BEGIN Given data
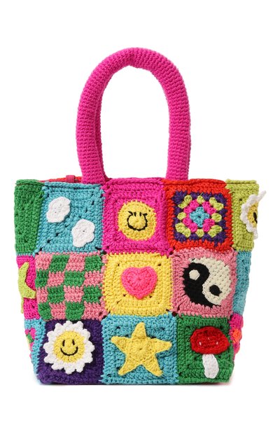 Небольшую сумку с двумя короткими ручками выполнили в технике кроше из мягкой, но прочной пряжи. Нитями разных оттенков создали фактурные квадраты, в каждом из которых вывязали разные фигуры, орнаменты и символы. Чтобы из ажурного аксессуара не выпадали мелкие предметы, его дополнил и плотной подкладкой с карманом.
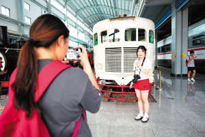 | 一名大学生与“镇馆之宝”“米其林”内燃动车组合影。 |
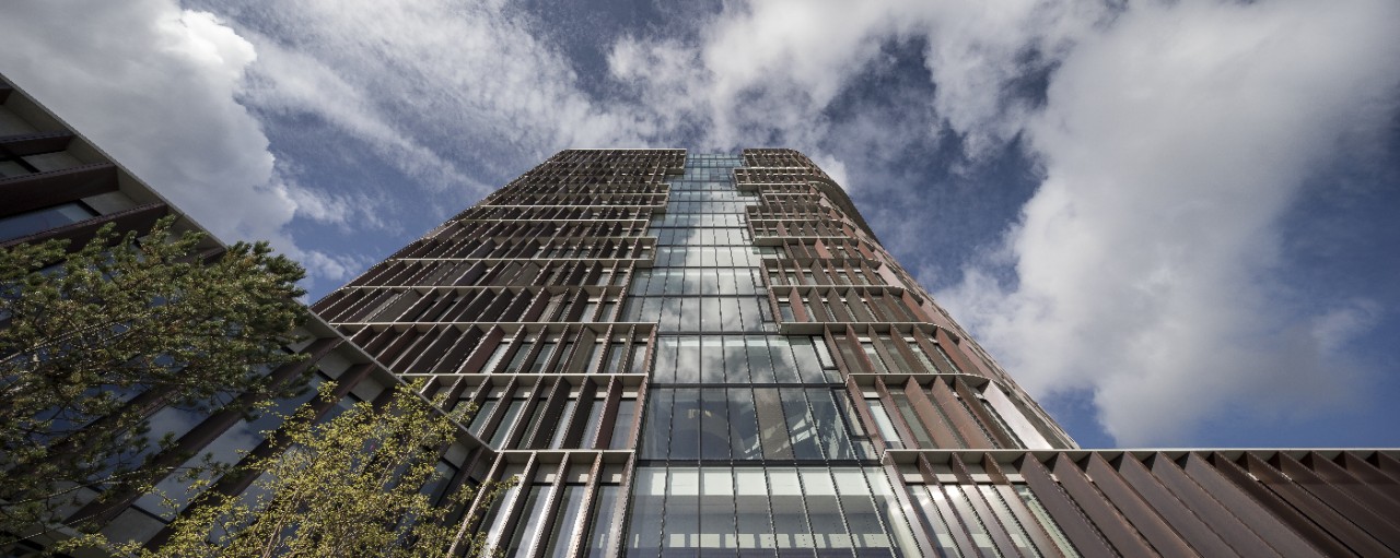A visibilidade e transparência são sublinhadas pela utilização de grandes painéis de vidro verticais nas persianas da fachada. A fachada está dividida numa estrutura de rede de relevo que inclui 3300 persianas revestidas a cobre, que funcionam como escudos climáticos amovíveis, abrindo ou fechando automaticamente em resposta à luz solar direta, garantindo que o ganho de calor direto nos laboratórios é mantido ao mínimo. As persianas protegem principalmente contra a luz solar direta, mas também permitem que a luz do dia seja filtrada através das suas finas perfurações em rede.
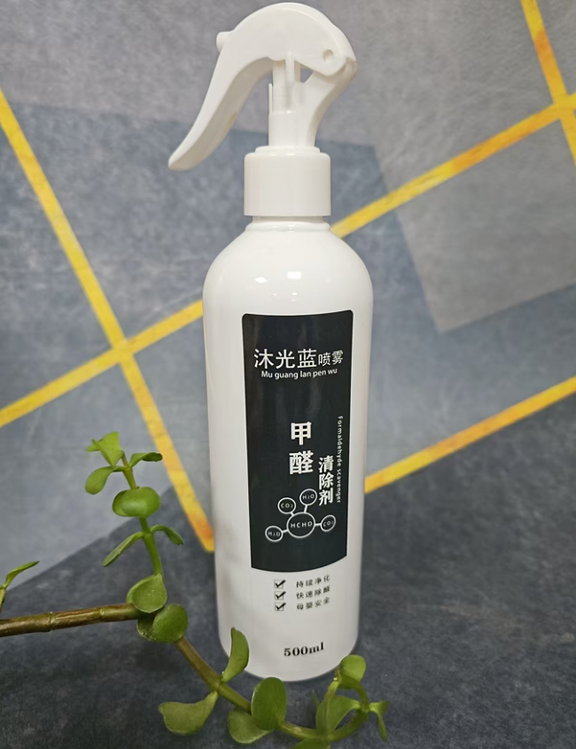 技术原理:沐光蓝的本质是一种高活性的生物酶制剂。它通过喷涂方式作用于污染源表面,不仅能快速中和、分解表面的甲醛,更能渗透至板材内部,将深层甲醛催化分解为无害的二氧化碳和水。它在分解过程中还能形成保护层,持续抑制甲醛从板材内部向外释放。
END Given data
### Task goal:
Repeat the data exactly, dropping every picture it holds.

### Solution below:
 Небольшую сумку с двумя короткими ручками выполнили в технике кроше из мягкой, но прочной пряжи. Нитями разных оттенков создали фактурные квадраты, в каждом из которых вывязали разные фигуры, орнаменты и символы. Чтобы из ажурного аксессуара не выпадали мелкие предметы, его дополнил и плотной подкладкой с карманом.
 | 一名大学生与“镇馆之宝”“米其林”内燃动车组合影。 |
A visibilidade e transparência são sublinhadas pela utilização de grandes painéis de vidro verticais nas persianas da fachada. A fachada está dividida numa estrutura de rede de relevo que inclui 3300 persianas revestidas a cobre, que funcionam como escudos climáticos amovíveis, abrindo ou fechando automaticamente em resposta à luz solar direta, garantindo que o ganho de calor direto nos laboratórios é mantido ao mínimo. As persianas protegem principalmente contra a luz solar direta, mas também permitem que a luz do dia seja filtrada através das suas finas perfurações em rede.
 技术原理:沐光蓝的本质是一种高活性的生物酶制剂。它通过喷涂方式作用于污染源表面,不仅能快速中和、分解表面的甲醛,更能渗透至板材内部,将深层甲醛催化分解为无害的二氧化碳和水。它在分解过程中还能形成保护层,持续抑制甲醛从板材内部向外释放。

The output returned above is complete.